1. Introduction

Coronary artery disease (CAD) is a leading public health problem,[1] causing a huge burden on society and individuals. However, despite the emergence and technological advances in percutaneous coronary intervention (PCI), major adverse cardiovascular events (MACE) remain common for patients with CAD. Therefore, potential biomarkers that can be used for improving risk stratification need to be identified.

As we all know, inflammation and immunity play a key role in the pathological process of atherosclerosis.[2] Neutrophils activate macrophages, promote monocyte recruitment, accelerating all stages of atherosclerosis, whereas lymphocytes play an anti-atherosclerotic effect. Various inflammation markers, such as red cell distribution width (RDW), C-reactive protein, neutrophil-to-lymphocyte ratio (NLR), hemoglobin-to-red-cell distribution width ratio (HRR), systemic inflammatory index systemic inflammatory index (SII), and platelet-lymphocyte ratio (PLR) have been used for predicting the occurrence of various adverse events in patients with cardiovascular diseases, as reviewed by recent systematic reviews and meta-analyses.[3–5] However, to the best of our knowledge, few studies have directly compared the predictive values of these biomarkers. In this study, we aimed to evaluate the prediction values of these inflammatory indices for patients underwent PCI, and further develop a nomogram incorporating simple and accessibility indices to clinical data to predict the prognosis of 1 year mortality.

2. Methods 2.1. Study population

This study was approved by the Ethics Committee of The Second Hospital of Tianjin Medical University (KY2023052-01). The need for informed consent was waived by the ethics committee owing to the retrospective, observational nature of this study. Patients with CAD underwent PCI were consecutively enrolled from January 2019 to February 2022 at the Second Hospital of Tianjin Medical University. The inclusion criteria included: patients aged ≥ 18 years; those who underwent PCI and implanted 1 or more stent; the exclusion criteria were as follows: patients with malignant tumors, infectious diseases, autoimmune diseases, incomplete blood cell count, loss of follow-up.

2.2. Data collection and laboratory measurements

We collected the demographic, clinical, and laboratory data; neutrophils, RDW, hemoglobin (Hb), platelets, lymphocyte were calculated the following indices, NLR, SII, PLR, and HRR. And also recorded the medications at discharge: antiplatelet drugs (aspirin or clopidogrel), statins, β-blockers.

2.3. Disease definition

Hypertension was defined as systolic blood pressure ≥ 140 mm Hg (1 mm Hg = 0.133 kPa) and/or diastolic blood pressure ≥ 90 mm Hg at rest or a previous diagnosis of hypertension with antihypertensive therapy.
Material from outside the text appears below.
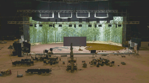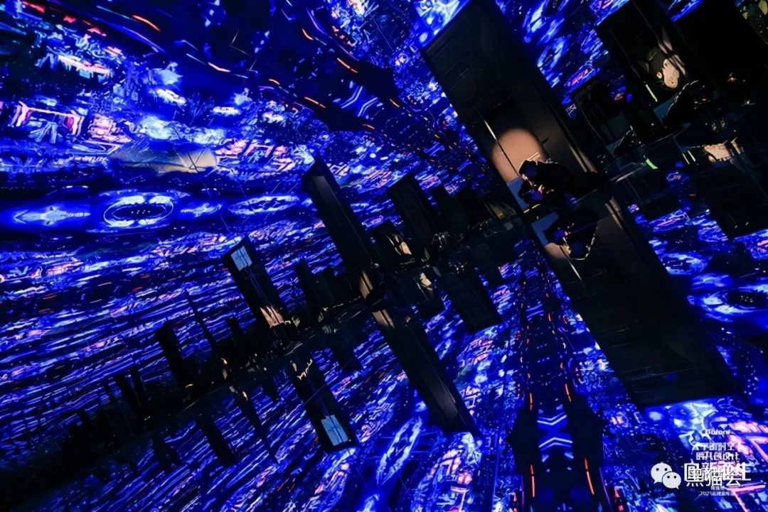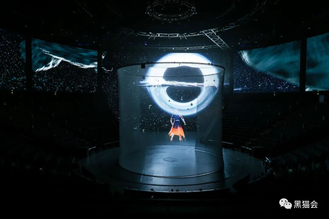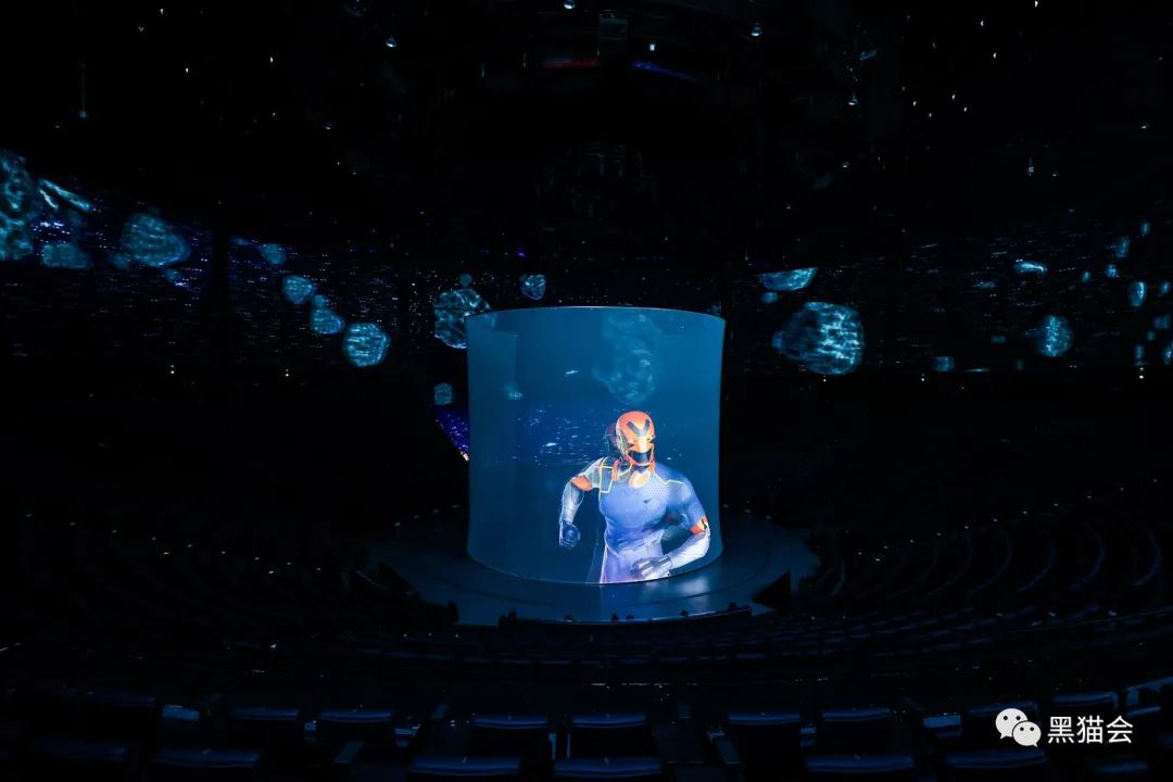这场线上发布会最大的特点是虚实结合,屏幕和常规一样,使用了350平方米的LED屏,特别的是,本次地屏不再是包裹的形式来配合主屏,而是让地面更真实。

Diabetes mellitus was defined according to the American Diabetes Association: (1) glycated Hb value of 6.5% or higher, (2) fasting plasma glucose ≥ 126 mg/dL (7.0 mmol/L), (3) 2-h plasma glucose ≥ 200 mg/dL (11.1 mmol/L) during an oral glucose tolerance test using 75 g of glucose, and/or. Dyslipidemia was defined as a serum total cholesterol level ≥ 5.18 mmol/L (200 mg/dL), high-density lipoprotein cholesterol level ≤ 1.04 mmol/L, low-density lipoprotein cholesterol level ≥ 3.37 mmol/L, triglyceride level ≥ 1.7 mmol/L, or a previous diagnosis of dyslipidemia with prescribed medication. Chronic kidney disease (CKD) was defined as eGFR < 60 mL/min, duration > 3 months.
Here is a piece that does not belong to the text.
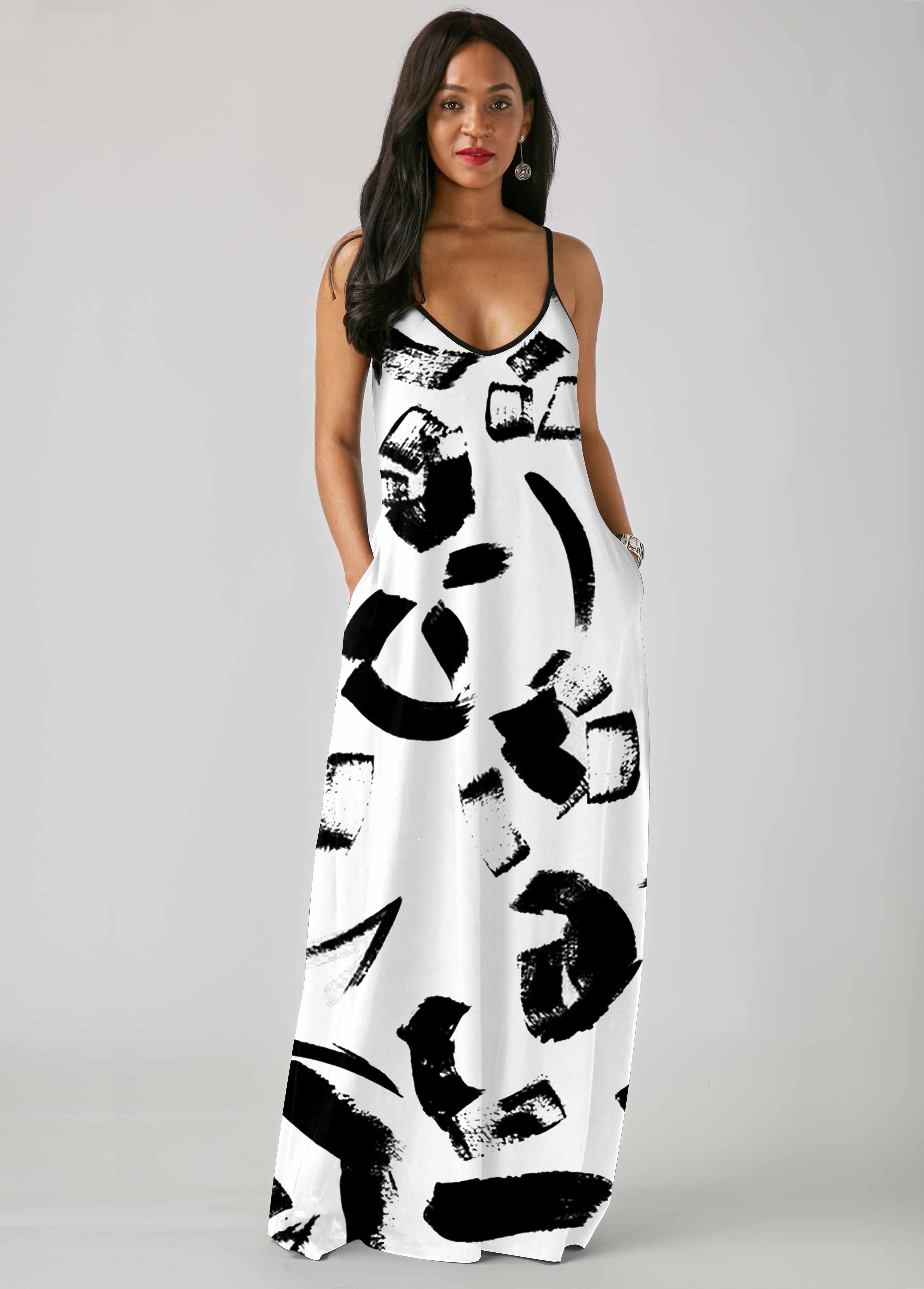 Pocket Tie Dye Print Spaghetti Strap Maxi Dress

2.4. Study endpoints and follow-up

The endpoint of the present study was 1-year all-cause mortality, which was defined as death from any cause. Follow up data were collected via a review of electronic medical records and/or clinic visits. The median follow-up duration was 429 days.

2.5. Statistical analysis

SPSS 25.0 (IBM Corp., Armonk, NY) and R version 4.2.0 was used to statistical analysis. The normality of the continuous variables was determined using the Kolmogorov–Smirnov test. Categorical variables were presented as percentages. Continuous variables are presented as mean ± standard deviation, while those without normal distribution are presented as median and interquartile range. Continuous variables with a normal distribution were compared between the groups by using the independent t test and continuous variables without a normal distribution were compared by using the Mann–Whitney test. Categorical comparisons were performed using Chi-square test.
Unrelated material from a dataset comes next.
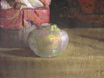 ...letter on the reverse dated November 29, 1948 from Pushman regarding the painting, "…In the center of this painting, I have placed a wooden figure of ancient Chinese origin, polychromed, clad in vermillion. Beside it, rests and iridescent vase. The figure, meditating casts a shadow over the background giving a mysterious mood to the composition. What are his past dreams?..." (https://new.liveauctioneers.com/item/8043428#&gid=1&pid=1) ...there are only a few very great examples of pure still-life painters. More often is the case that painters make still-lives to serve as “potboilers” and make a little extra cash to subsidize their true artistic passions. There are very few painters who devote their whole life to still-life painting and to the exploration of its specific problems. Hovsep Pushman is a great example of just that. The simple and pure arrangements that he paints may cause you to miss the depth of narrative and profound use paint handling. He manages to take simple objects and create mysterious narratives through their associations with the backdrop, very similar to Vermeer in “Woman Holding a Balance,” but also through more of a subliminal color association and texture created in the picture above. Perhaps the best thing is that he manages to do this without hitting you over the head with it. Sometimes paintings are so obvious that they take away the suggestive quality that makes narrative so effective. (http://www.liafa.com/hovsep-pushman-the-narrative-in-still-life/) Pushman’s artistic identity began to take shape after he opened his own studio in 1921. Robert-Fleury, upon seeing one of Pushman’s early studio still life’s, advised the artist, “That painting is you.” Thereafter, Pushman’s career was devoted to one subject, oriental mysticism, and one form, the still life. His paintings typically featured oriental idols, pottery and glassware, all glowing duskily as if illuminated by candlelight. They were symbolic, spiritual paintings, and were sometimes accompanied by readings, which help explain their allegorical significance. Most important, they were exquisitely beautiful, executed with technical precision. (http://www.hovseppushman.net/bio.html) Pushman's oriental still life painting is inherently linked to the work of the 18th century French still life painter Jean Baptiste Simeon Chardin (1699-1779). Chardin's carefully composed still life kitchen scenes included polished utensils and well worn objects which were rendered through the light and depth of their patterns and subtle relationships, expressing an undeniable spiritual bond between man and matter. Within Pushman's work it must have been remarked by those who study the art of India, China and Persia, that it presents an ever-present combination of the beautiful with the cruel or terrifying. (http://www.contemporarymasters.us/ContemporaryMasters/Hovsep_Pushman.html) ... In his oriental still life painting, Pushman managed to create an atmosphere of nocturnal and contemplative intimacy through his meticulously arranged objects and their backgrounds. Pushman's concern for the objects in his paintings was of symbolic and religious importance. His oriental male and female figures represent the legends of the ancient East and Far East. They epitomize the experience of life, which implies a longing for the eternal. These small figures included the Sacred horse, the long robed statuette of a woman, a six armed Deity, the Buddha god of peace, the warrior, and the nude female figure which is emerging from her veils that are the Mystery of Life. Other special objects in Pushman's compositions were a 2000 year old iridescent glass pitcher, a lacquered chest, a teakwood box, small carved figures of saints from 13th and 14th century France and ancient Persian plates. The backgrounds usually consisted of rare centuries-old tapestries and textiles. All these elements were combined in faultless compositions, each a unique statement vitality and meaning. mysterious charm of color is blended and interwoven in intricate and significant schemes. It pervades every one of his works, thrilling us like the play of light in the rainbow, the glitter of a serpent's scales, or the flash and fire of many jewels. He is a master of splendor and romance, a man to whom color is almost a language, at least a means of expression no less definite than the notes of the musical scale. He plays upon our emotions with color in much the same way that a musician does with sound, soothing us with exquisite harmonies, enlivening us with dramatic contrast, or melting us almost to tears with tender passages of tone, shot through with the purple of tragedy. ...The oeuvre of oriental still life paintings and prints by Hovsep Pushman is a major contribution to the history of American art and represent an equally significant achievement in the history of the still life genre. Unfortunately, many details of Pushman's life are unavailable and are closely guarded by the Pushman family. As a result, his oeuvre is relegated to a minor footnote in the most important and comprehensive book on the history of American still life painting: "American Still Life Painting" by William H. Gerdts and Russell Burke, Prager Publishers, 1971. There is, however, a forgotten document that the staff of The Illuminator rescued from obscurity, which describes Pushman's contribution to American art: "Hovsep Pushman, an American artist of Armenian birth, is an excellent craftsman and he finds in objects of the East models of form and color which he paints with rare fidelity. No American painter has equaled him in the skill and beauty with which he portrays these striking types." Immigrant Gifts to American Life, The Illuminator, Allen E. Eaten, New York, Russell Sage Foundation, 1932. (http://www.tfaoi.com/newsm1/n1m664.htm)

Receiver operating characteristic (ROC) curve analysis was performed to evaluate the sensitivity and specificity of the inflammation makers for predicting ACM. Age, sex and parameters that were significant on univariable analysis were included in multivariable cox regression models to identify potential risk factors. Restricted cubic spline analysis was performed to evaluate the relationship between RDW, NLR as a continuous parameter and 1-year all ACM mortality.

The predictive ability was assessed by the area under the receiver operating characteristic curve (AUC). Nomogram were developed to predict the probability of 1-year ACM mortality based on the results of the multivariable COX regression. The P values were 2-sided, and P < .05 was considered significant.

3. Results 3.1. Clinical results

The identification of study subjects was shown in the flowchart in Figure 1. A total of 4651 patients were enrolled into this study with a median follow-up of 429 days. 198 patients died, irrespective of the cause of death (1-year all-cause mortality of 4.3%). The baseline characteristics of the study cohort stratified by survival status are shown in Table 1. There were 4453 patients (M/F, 63.7 %/36.3%) in the survival group and 198 patients (M/F, 65.7 %/34.3%) in the non-survival group. Compared to patients who remained alive, those who died had advancing age, higher values of systolic blood pressure, diastolic blood pressure, and heart rate (P < .05), and lower frequencies of hypertension, cerebrovascular accident, and CKD (P < .05). There were significant differences, including white blood cell count, Hb, lymphocytes, neutrophils, percentage of neutrophils, RDW, NLR, SII, and PLR between the 2 groups, as shown in Table 1 and Figure 2 (P < .05).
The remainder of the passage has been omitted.